**Task to complete**
Give every line of the data again, unchanged, but with no pictures.

**Input data**
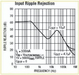任何一款LDO都有一項指標:噪音抑制比。是一條頻率-dB曲線,如右圖是凌特公司LT3024的曲線。
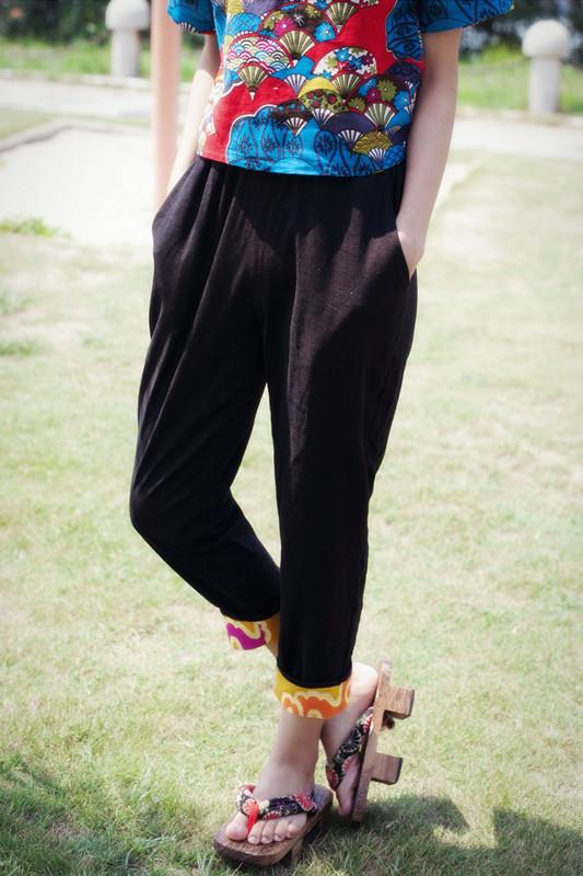 坏品味重磅推荐 中国风亚麻料 祥云图腾拼接宽松哈伦裤九分裤长裤
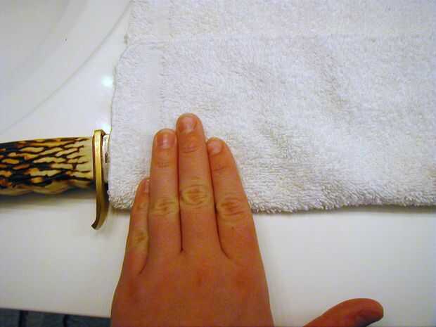 Repita este paso en el otro lado de la hoja, luego con el trapo, quite cuidadosamente el aceite.
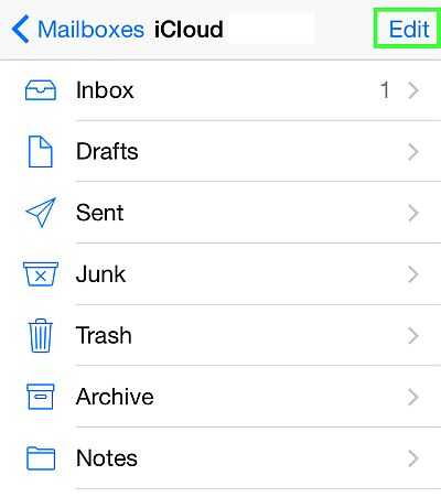 Una vez en tu buzón de correo de iCloud, pulse "Editar" en la parte superior derecha de la pantalla.

**Exercise result**
任何一款LDO都有一項指標:噪音抑制比。是一條頻率-dB曲線,如右圖是凌特公司LT3024的曲線。
 坏品味重磅推荐 中国风亚麻料 祥云图腾拼接宽松哈伦裤九分裤长裤
 Repita este paso en el otro lado de la hoja, luego con el trapo, quite cuidadosamente el aceite.
 Una vez en tu buzón de correo de iCloud, pulse "Editar" en la parte superior derecha de la pantalla.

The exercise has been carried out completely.